Stability AI released Stable Audio 3 this week, a family of latent diffusion models designed for fast, variable-length audio generation and editing. The small and medium weights are now available as open-source releases; the large model remains proprietary. All three sizes can produce several minutes of audio in under two seconds on an H200 GPU, or within a few seconds on a MacBook Pro M4.
The models operate on a novel semantic-acoustic autoencoder that compresses audio into a compact latent space while preserving fidelity and encouraging semantic structure. This design enables efficient diffusion-based generation without the typical cost of producing full-length audio when only short sounds are needed. Inpainting support allows targeted editing and continuation of short recordings without full regeneration.
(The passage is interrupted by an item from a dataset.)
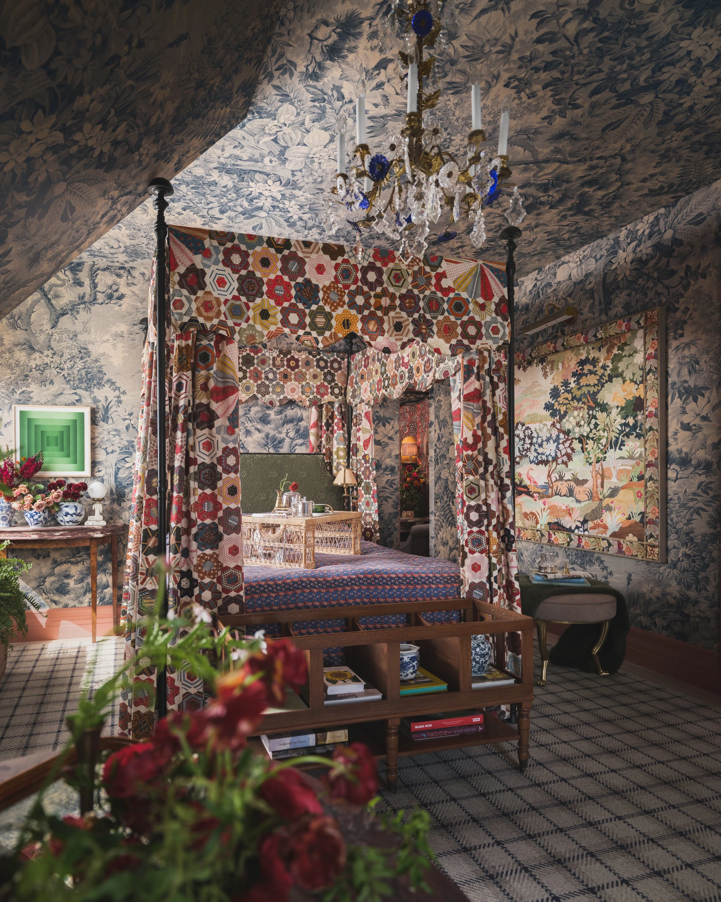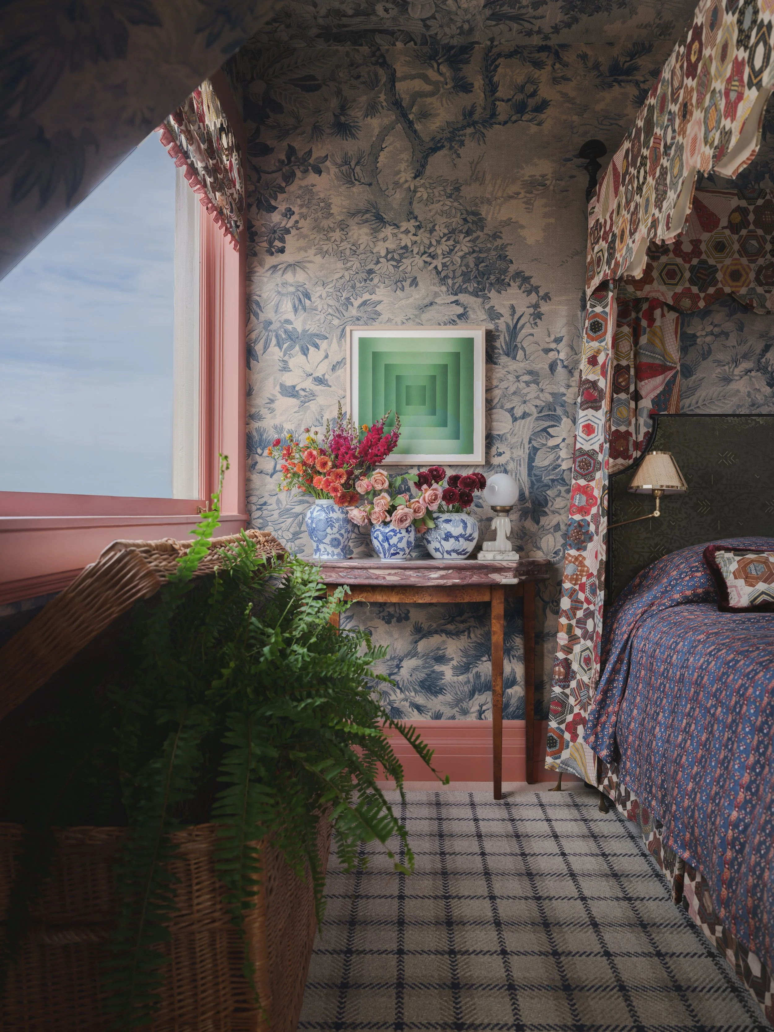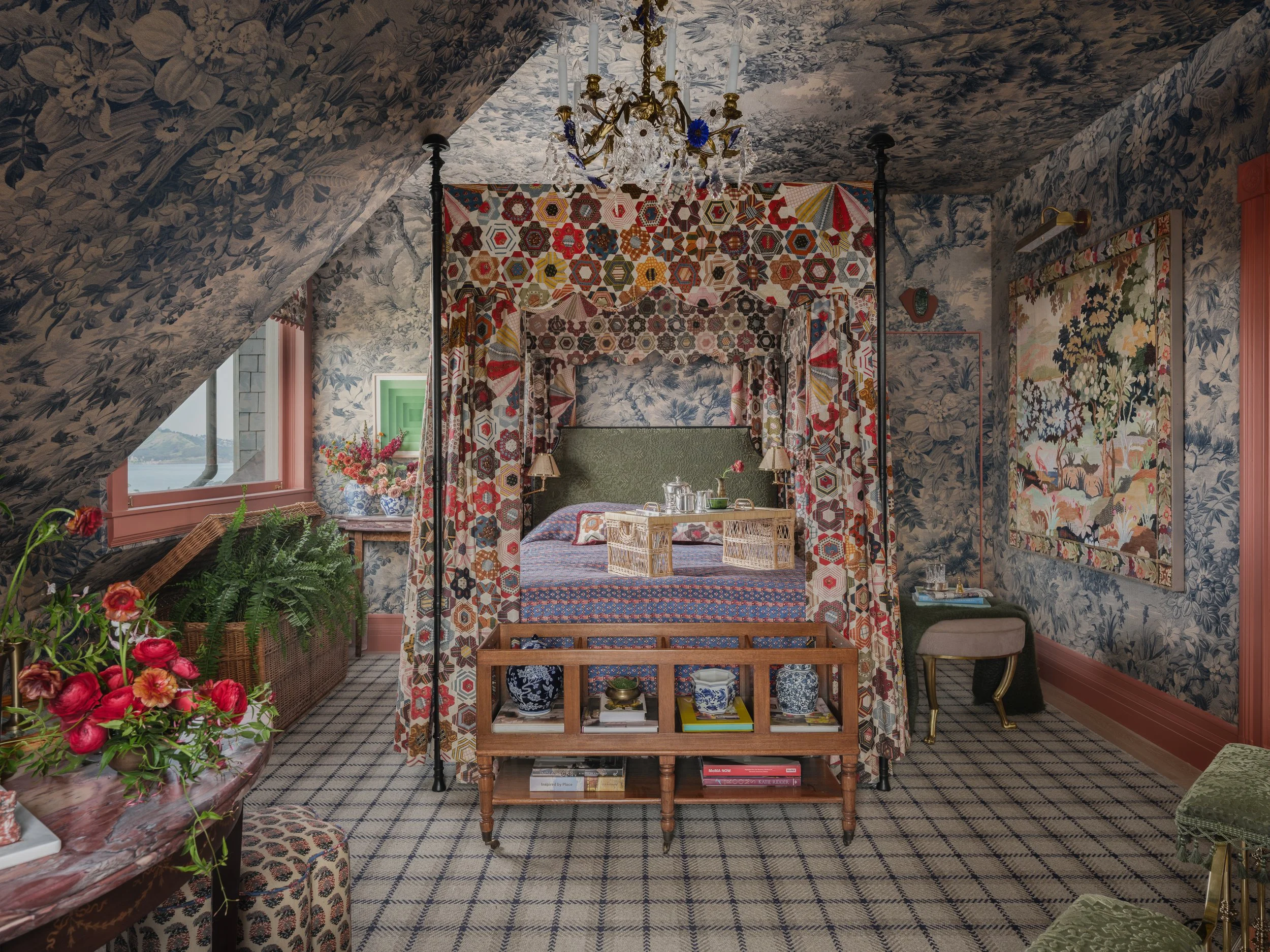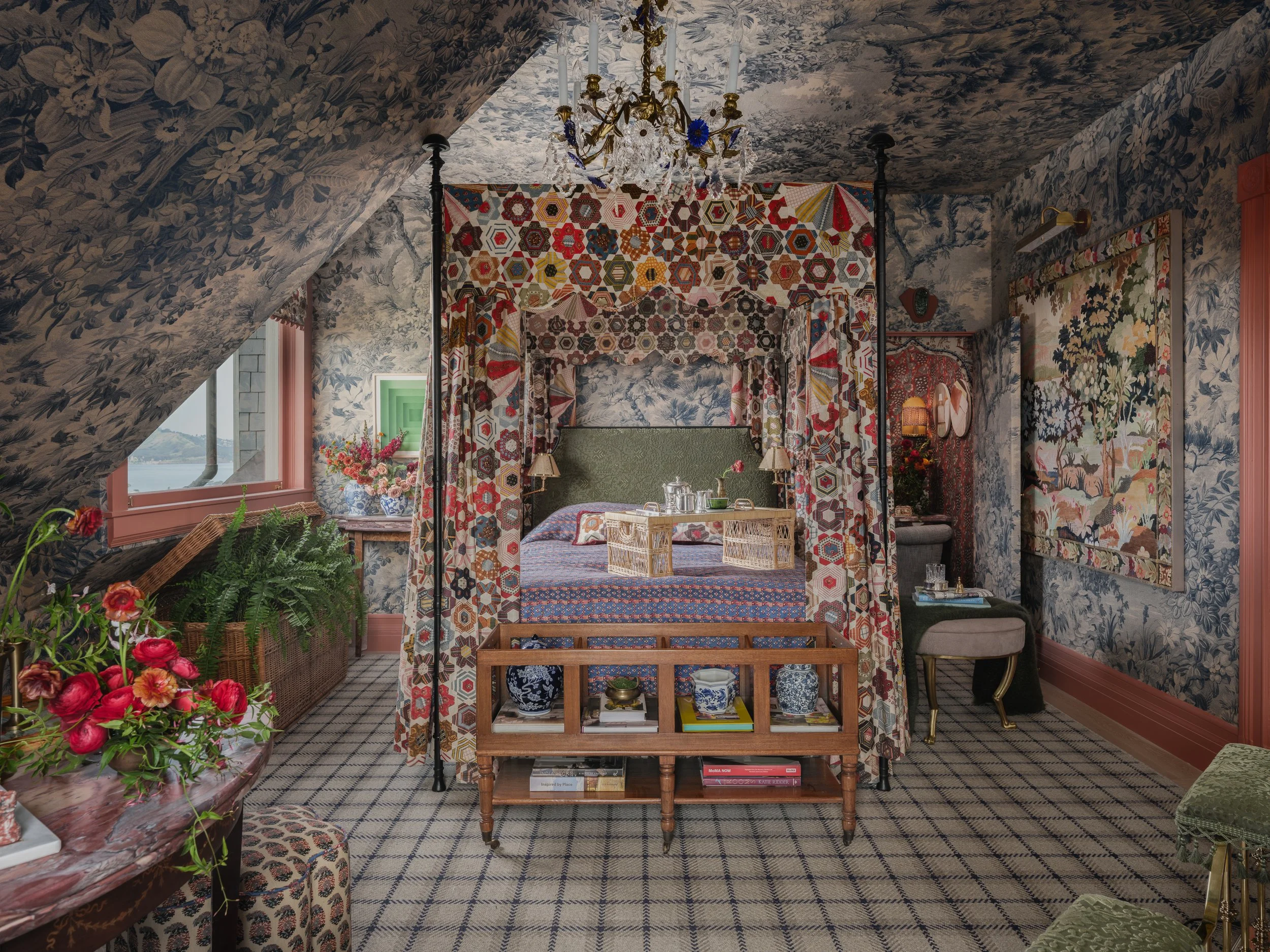 Floating high on the third floor with sweeping views of the San Francisco Bay, this bedroom and adjoining deck are imagined as a Parisian boutique hotel retreat, part Hideaway, part daydream. Inspired by the shifting palette of fog meeting ocean, a panoramic blue toile wraps, the space setting a serene, immersive tone that feels timeless and transportive. A tucked away makeup vanity revealed behind a hidden closet door creates an intimate getting ready ritual the perfect prelude to an evening out. Layered patterns and rich textiles exude a collected, well traveled sensibility, while warm red access glow like the sunset on the water. A canopy bed anchors the room with romance, inviting you to check in, exhale, and stay awhile. Room service, please

The team trained on licensed and Creative Commons data and applied adversarial post-training to reduce diffusion steps while improving fidelity and prompt adherence. The small and medium models run on consumer-grade hardware; weights and inference code are available on HuggingFace.
What stands out
- 01Variable-length generation. The models produce audio of any duration without forcing full-length synthesis for short sounds, cutting compute costs for practical workflows.
- 02Inpainting for editing. Users can edit specific regions of an audio clip or extend short recordings, rather than regenerating from scratch.
- 03Semantic-acoustic autoencoder. The novel autoencoder projects audio into a latent space that preserves fidelity while encouraging semantic structure, making diffusion-based generation more efficient.
- 04Adversarial post-training. The team applied adversarial training to reduce inference steps while improving quality and prompt alignment—a departure from standard diffusion fine-tuning.